I am lonely.
That may sound a bit silly to the people who know me. I am surrounded by people all the time. I am currently living with my parents and sisters as I figure out how to get on my two feet again and I have good friends in my church community and in/out of state. Through the eyes of an observer, there should be no way I could be lonely. But I am. Perhaps it is a different kind of lonely though.
Like I mentioned before, Chris and I were dissolved into each other. We blended together in love, thus we were whole in a new way, together. When you lose a spouse, the pieces of you that blended into that person go too and it feels like one must live on broken, missing some pieces, like an amputee in a metaphorical sense.
I was sitting alone for lunch yesterday at a sushi restaurant. As I sat there and sipped my green tea, I observed my surroundings and realized how out of place I feel in the world now. Before Chris, I was perfectly comfortable to eat at a restaurant or catch a movie alone. Now, it just feels wrong.
I was whole before I met my husband, but I became whole in a completely new way with him and I have now lost those pieces that were dissolved into him as I lost him.
I miss him so much. I miss his commentary. I miss the gallons of knowledge that would ooze out of him uncontrollably. I miss his touch and being able to reach out across the table to hold his hand. I miss his support and understanding. I miss running home to him, eager to tell him what I was excited about. I miss turning to him in sadness. He was my person. All of that is lost now and I am a bit lost too.
But like an amputee, one must muster the courage to move forward in a new condition. I must find my figurative prosthetic and learn to walk my life in a different way. It won’t be anything comparable to the completeness I felt with my husband, but I pray I can move forward with strength.

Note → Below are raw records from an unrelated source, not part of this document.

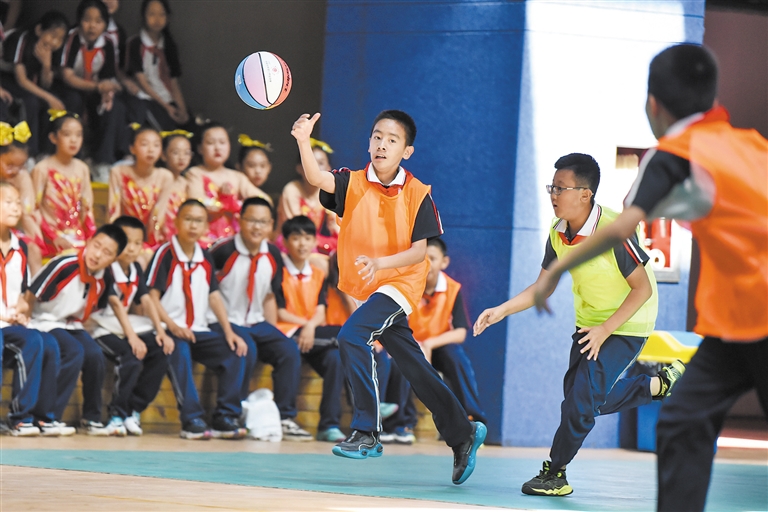6月15日,呼和浩特市石东路小学南校区体育馆内,孩子们在篮球比赛中奋力奔跑。当天,“奔跑吧少年”系列活动暨姚基金希望小学篮球季内蒙古自治区“老牛兄妹”体育器材包捐赠活动在该校举行。该活动旨在让更多的青少年热爱篮球,参与体育,助力双减。本报记者 王晓博 摄
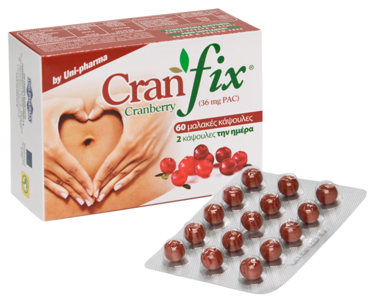 1 Το Cranfix είναι η πρόταση της πολύ καλής εταιρίας Uni-Pharma, και συνδυάζει μοναδικά το εκχύλισμα κράνμπερι με σελήνιο, βιταμίνη C και ψευδάργυρο.
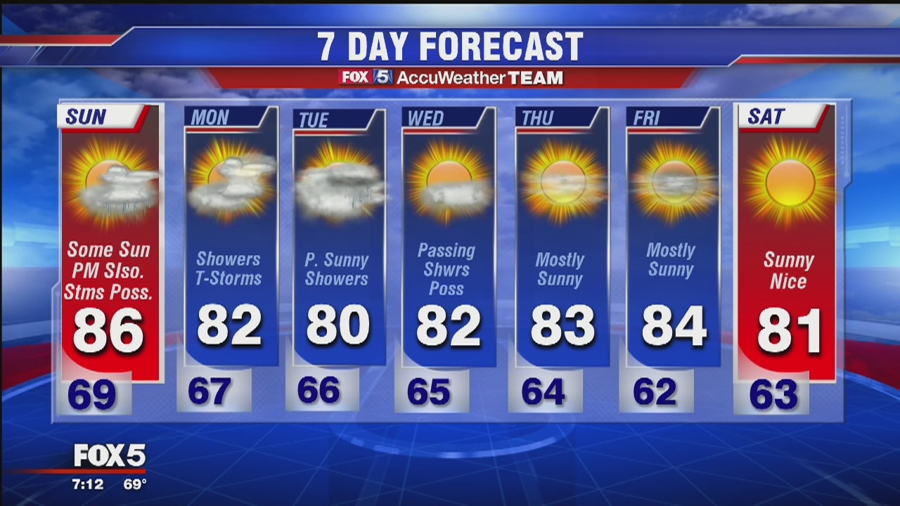 Rain and flooding are still prevalent throughout the area, but the area should be slowing heading into the week. Heading into Sunday showers tapering, with fog and humidity overnight.
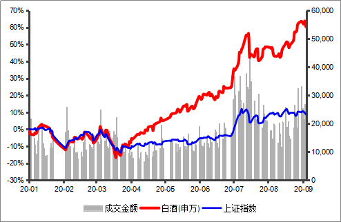 虽然白酒板块的业绩指标出现了集体性下滑,但似乎并不影响投资者对白酒股的投资热情。白酒板块在2020年4月份之前和上证综指的走势高度一致,而在4月份之后走出了一波独立行情,上半年白酒板块上涨高达25.7%,而同期上证综指下跌3.26%。截至2020年9月8日,白酒板块今年以来累计上涨52.97%。不过,在8月31日半年报截止日期后,白酒板块出现了些许回调。
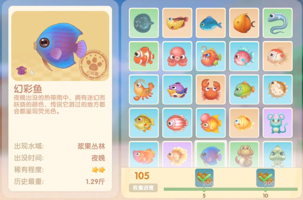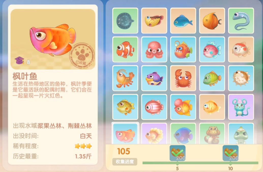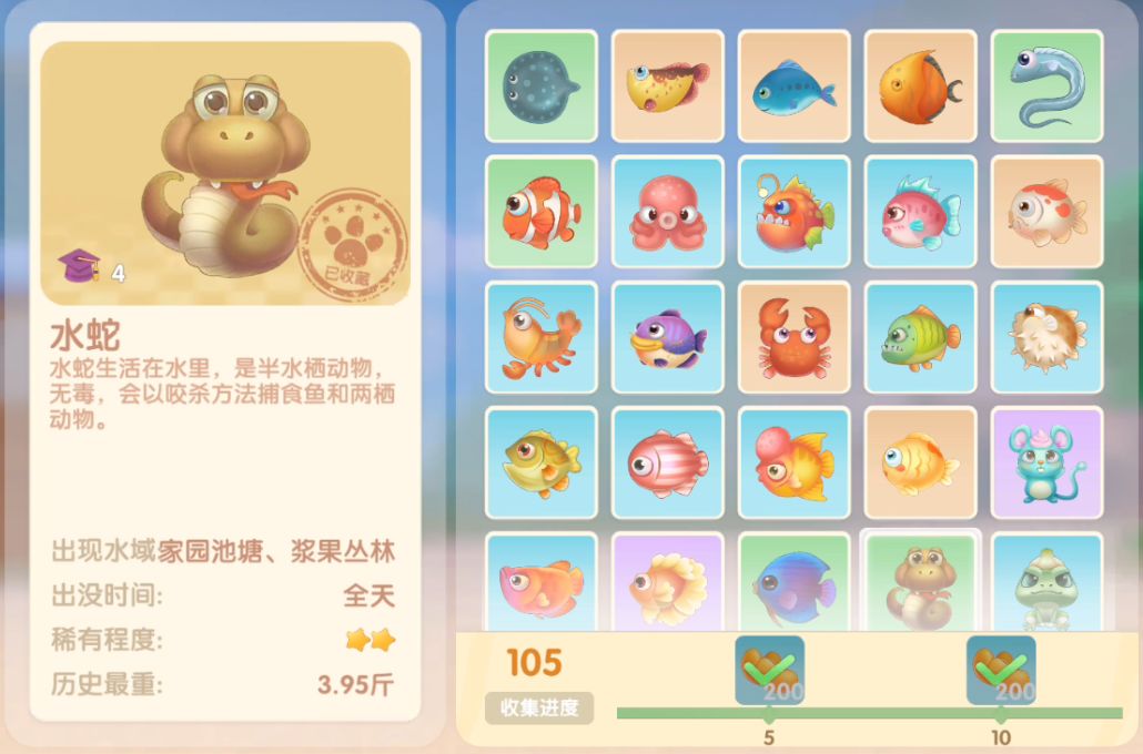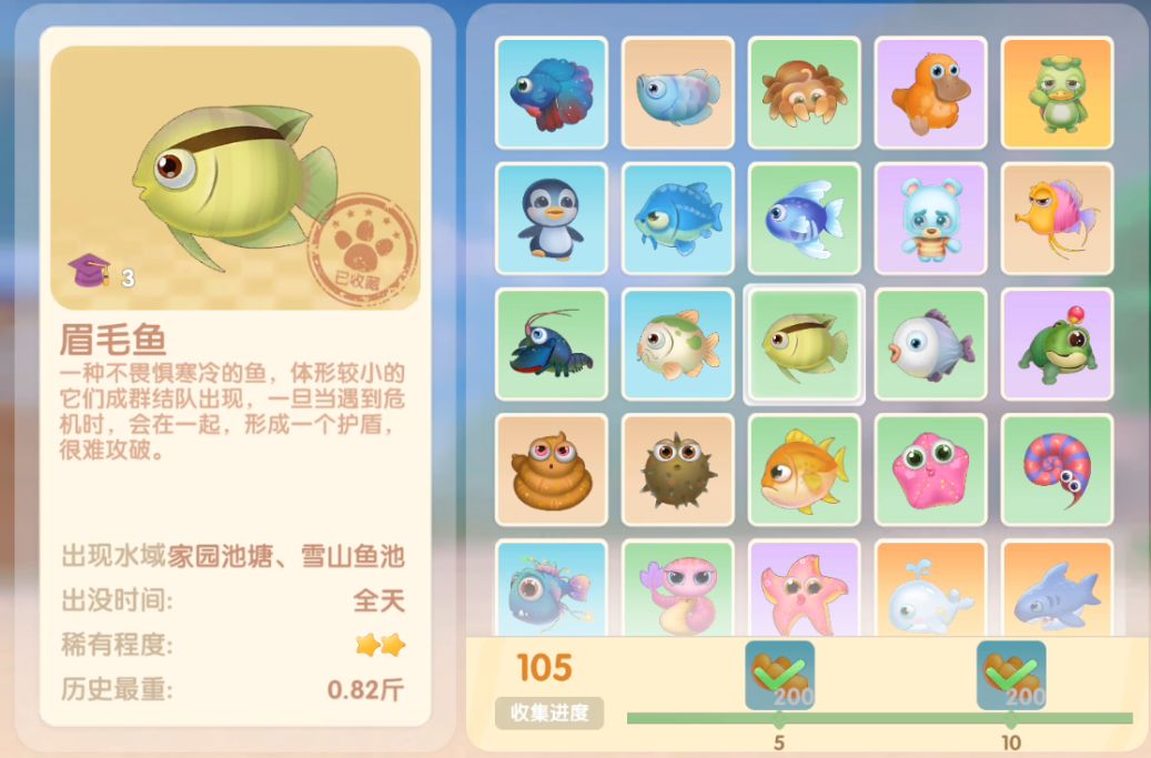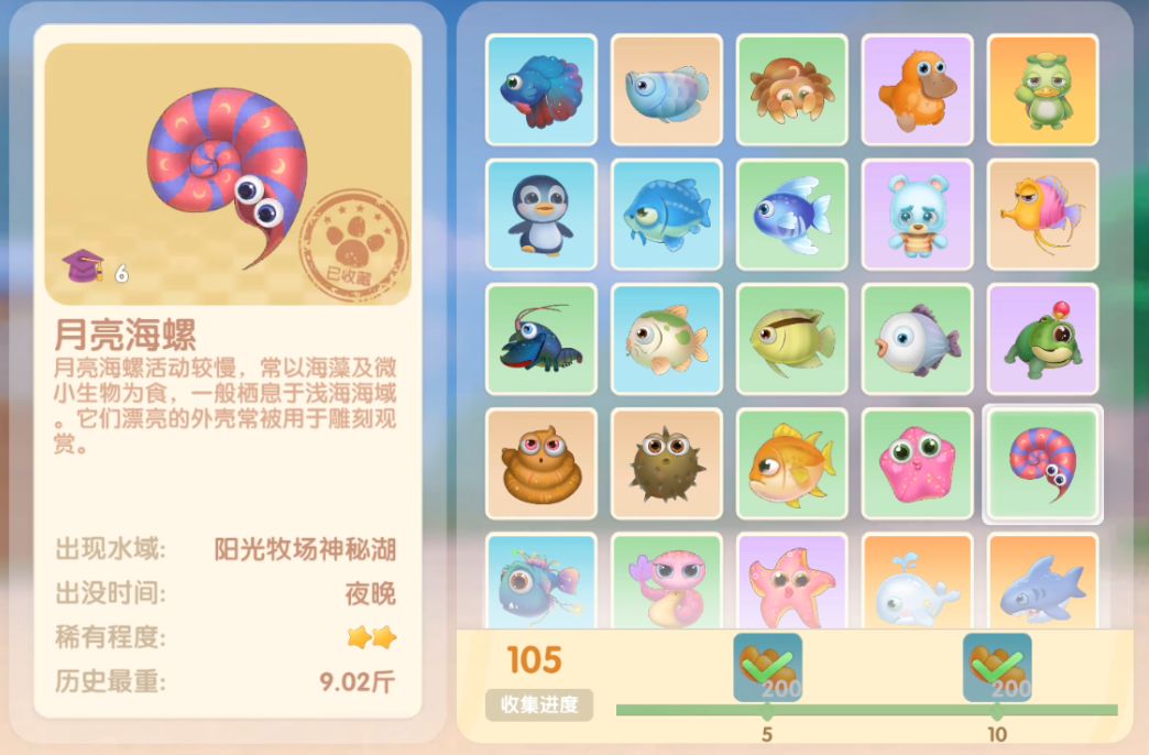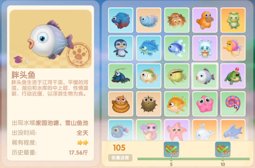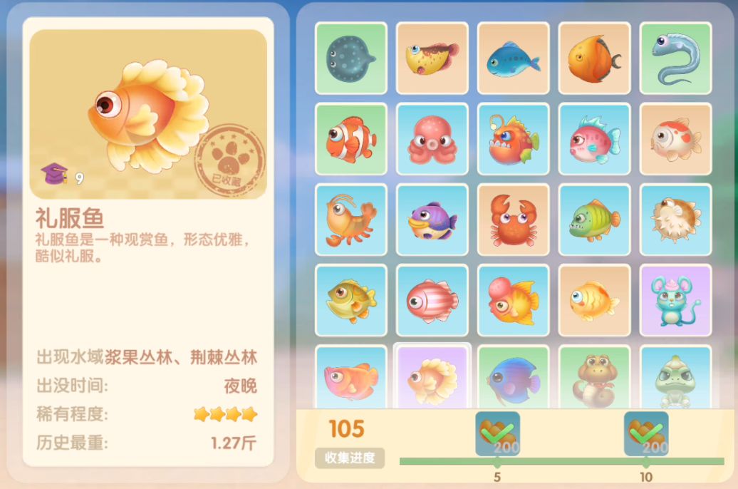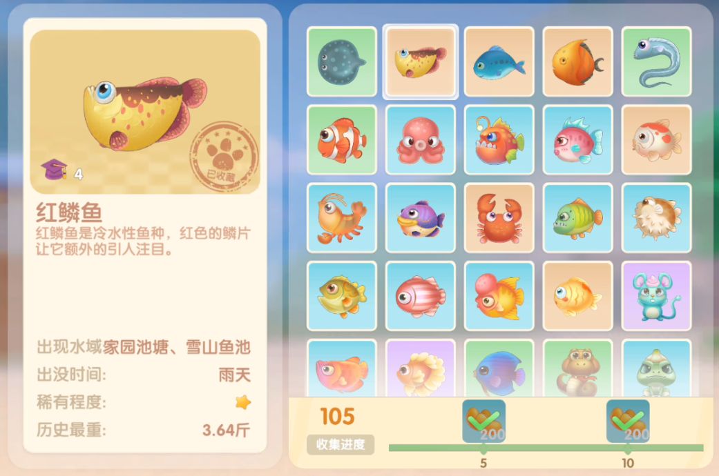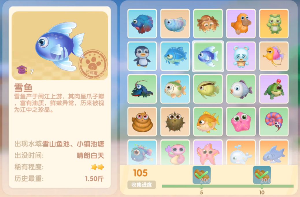 钓鱼要点1.钓鱼场地有五个,分别是家园 牧场 丛林 雪山 小镇池塘在前期图鉴较少的时候五个地方都钓一下,后面有缺的再看帖子去钓就好,家园特产的五种鱼锦鲤 金鱼 狗鱼 大闸蟹 小龙虾可优先收集

Of course I am speaking for myself, but I am sure other widow/widowers feel this way too. The type of solitude that one feels from the loss of a spouse is what feels to be of the highest magnitude. I am thankful for the support of the friends and family surrounding me, but the only person I want is the person I can’t have. My other half is missing now and life feels so off balance. I hope I can find balance again. I don’t know if the loneliness in missing a spouse ever really goes away. But, like the stretch of my soul trying to reach Chris who is now a bit further away, perhaps the pain of loneliness will lessen a little with practice as I strengthen the parts of me that are still here. Only with God, though. Only with God.